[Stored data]
○ ○ ○ ○ ○

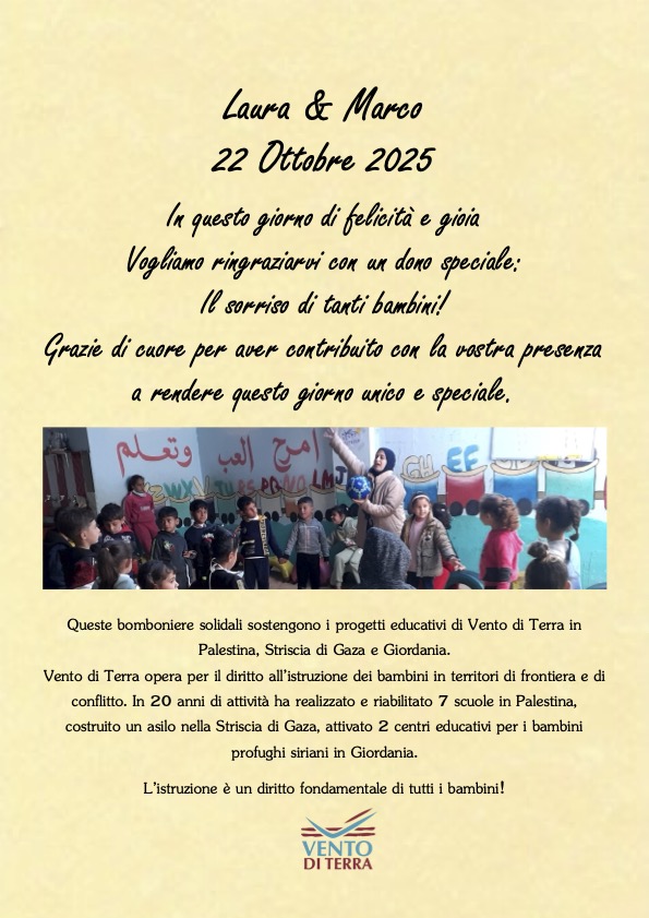Rendi questi momenti ancora più indimenticabili con le bomboniere solidali di Vento di Terra: le ciotole dipinte a mano dagli artigiani di Hebron, i sacchettini porta confetti, oppure fai una donazione con le pergamene solidali, personalizzabili con la tua frase e con il progetto da te scelto.
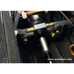 Il gruppo propulsore è costituito da un motore brushless raffreddato ad acqua e un controller, così come il servo del timone e il sistema RC da 2,4 GHz sono montati nel modello pronto per la navigazione.
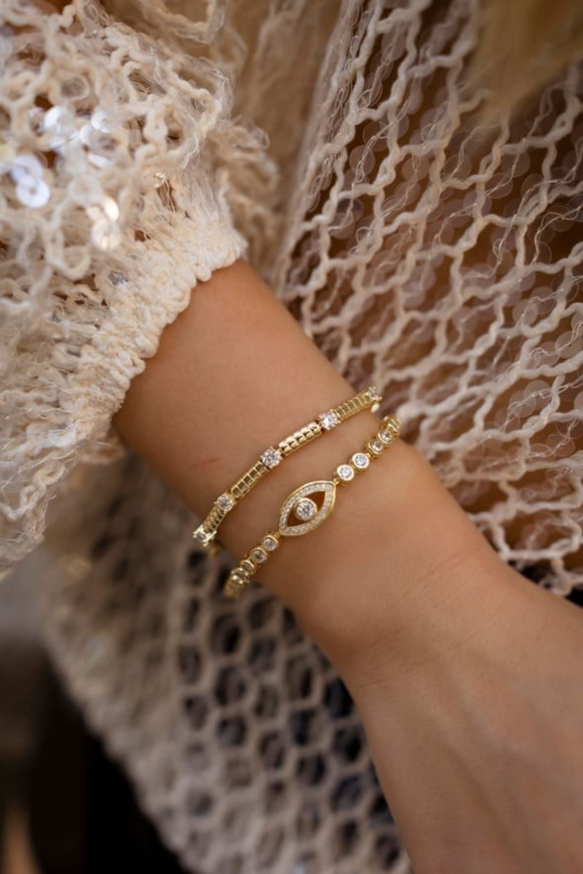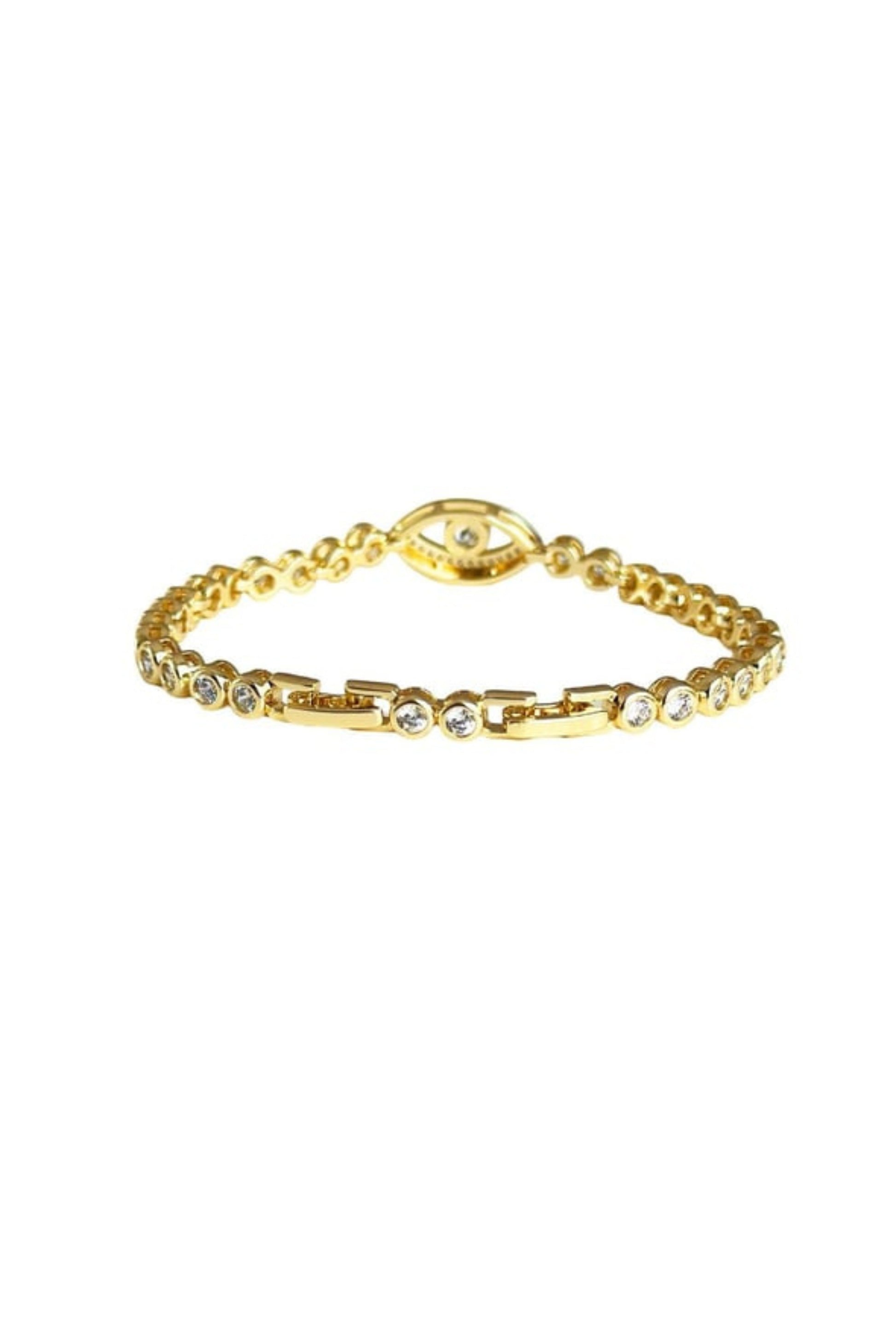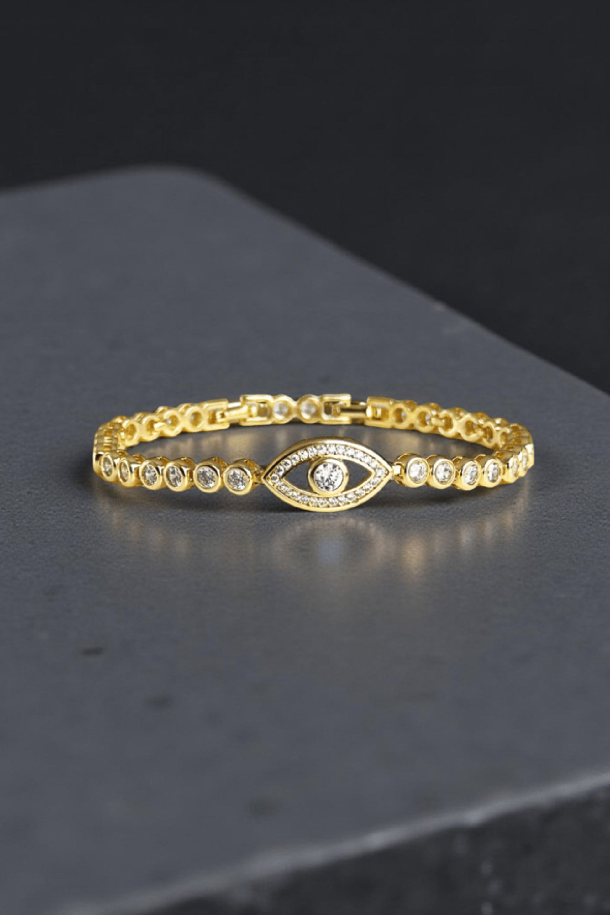 Watch Me features a striking evil-eye centerpiece surrounded by shimmering zircon stones on a sleek gold-plated chain.
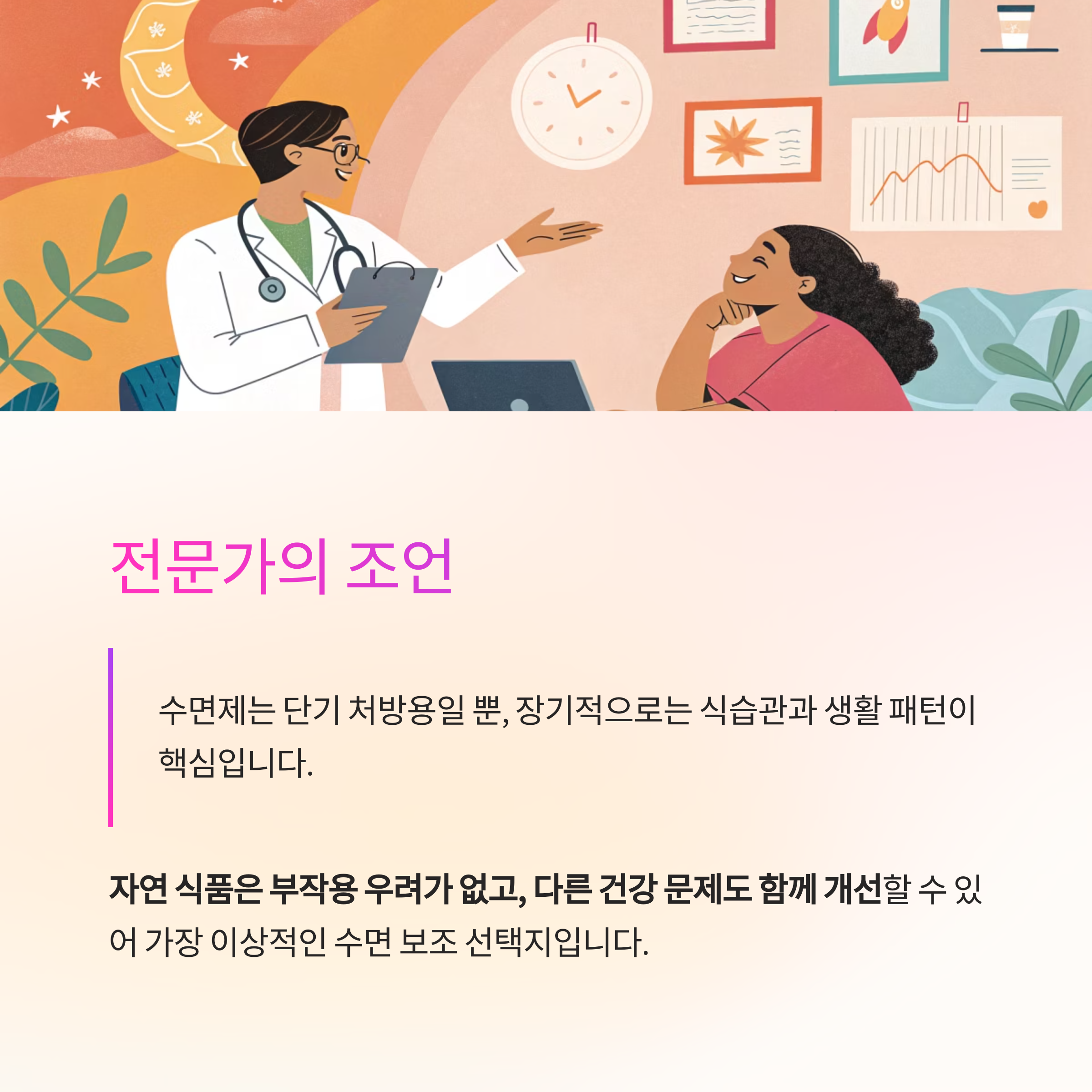 전문가 조언: “자연식품 기반 수면 전략이 우선입니다”
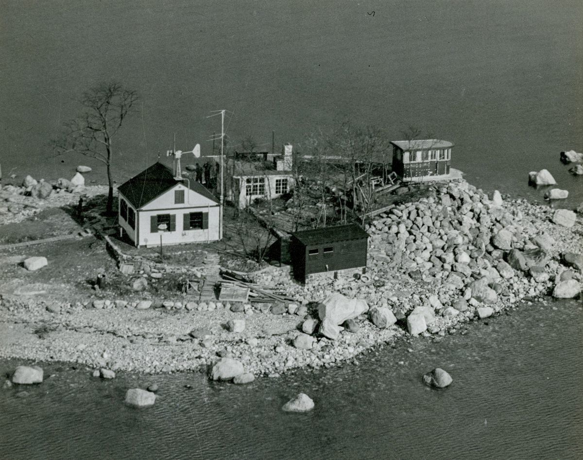 Aerial views of Wee Captain Island before and after a house was constructed on it.Collection
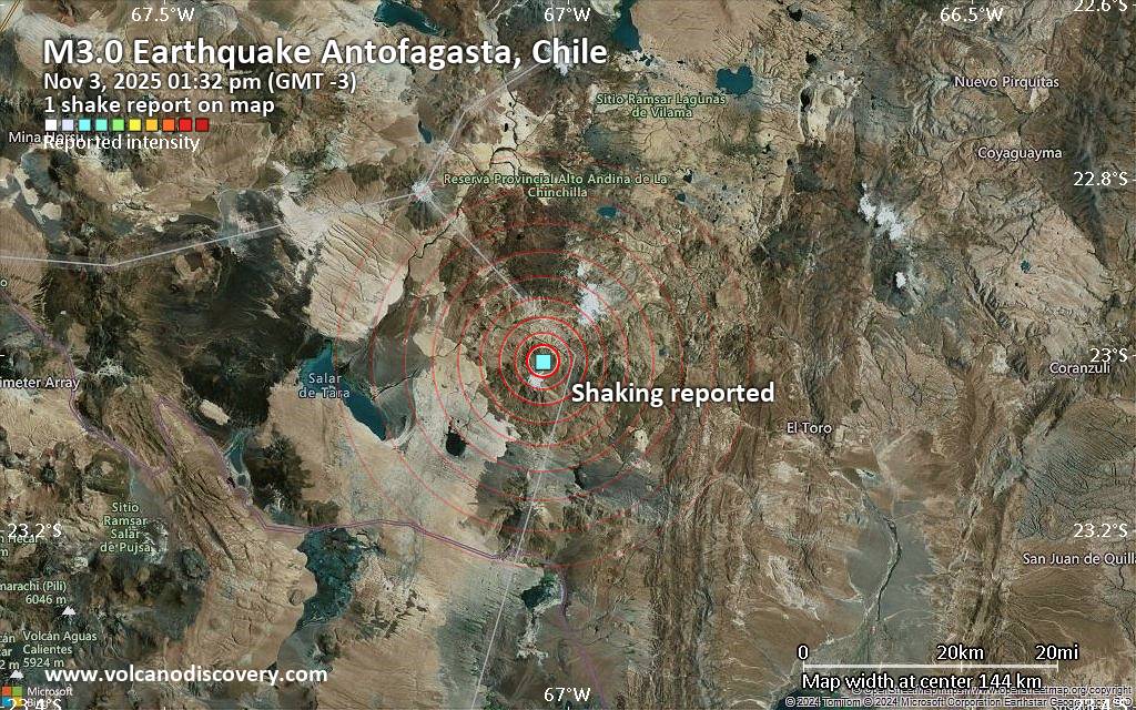 Earthquake data:      Date & time: Nov 3, 2025 01:32 pm (GMT -3) local time  (3 Nov 2025 16:32 GMT)Magnitude: unspecified Depth: unspecified Epicenter latitude / longitude: 23.01°S / 67.03°W     ( Argentina) Primary data source:  VolcanoDiscoveryhttps://www.volcanodiscovery.com/earthquake/news/285882/Seismic-like-event-possible-earthquake-reported-few-minutes-ago-Antofagasta-Chile.html
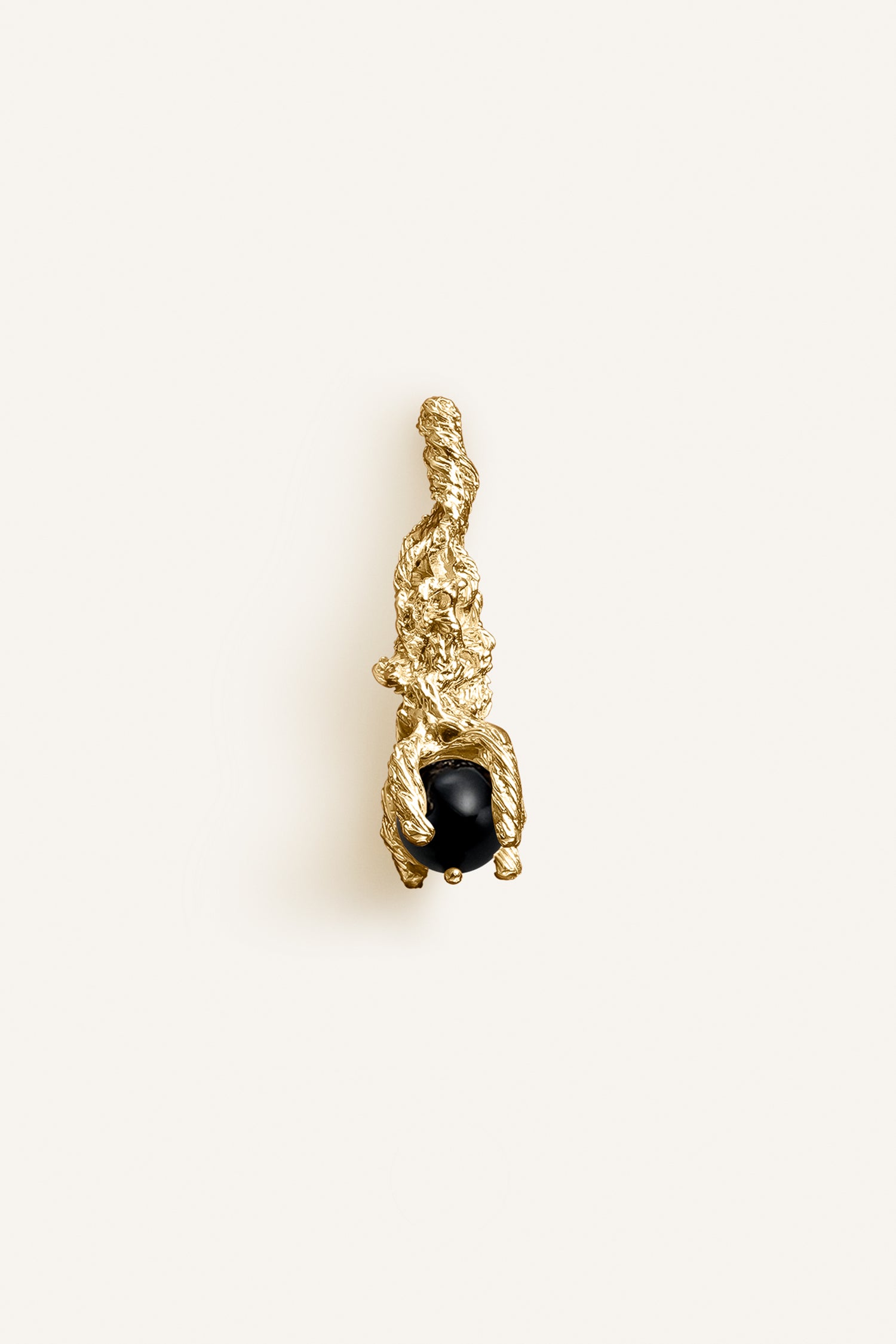 El pendiente Paloma S Ónix combina la sofisticación del latón bañado en oro de 18 quilates con la fuerza del ónix natural en una sola bola. Una pieza minimalista y elegante, perfecta para quienes buscan un detalle sutil pero con personalidad.

○ ○ ○ ○ ○

What this task involves
Exactly as they appear above, write out all the entries, but not the images.

Finished exercise
Rendi questi momenti ancora più indimenticabili con le bomboniere solidali di Vento di Terra: le ciotole dipinte a mano dagli artigiani di Hebron, i sacchettini porta confetti, oppure fai una donazione con le pergamene solidali, personalizzabili con la tua frase e con il progetto da te scelto.
 Il gruppo propulsore è costituito da un motore brushless raffreddato ad acqua e un controller, così come il servo del timone e il sistema RC da 2,4 GHz sono montati nel modello pronto per la navigazione.
 Watch Me features a striking evil-eye centerpiece surrounded by shimmering zircon stones on a sleek gold-plated chain.
 전문가 조언: “자연식품 기반 수면 전략이 우선입니다”
 Aerial views of Wee Captain Island before and after a house was constructed on it.Collection
 Earthquake data:      Date & time: Nov 3, 2025 01:32 pm (GMT -3) local time  (3 Nov 2025 16:32 GMT)Magnitude: unspecified Depth: unspecified Epicenter latitude / longitude: 23.01°S / 67.03°W     ( Argentina) Primary data source:  VolcanoDiscoveryhttps://www.volcanodiscovery.com/earthquake/news/285882/Seismic-like-event-possible-earthquake-reported-few-minutes-ago-Antofagasta-Chile.html
 El pendiente Paloma S Ónix combina la sofisticación del latón bañado en oro de 18 quilates con la fuerza del ónix natural en una sola bola. Una pieza minimalista y elegante, perfecta para quienes buscan un detalle sutil pero con personalidad.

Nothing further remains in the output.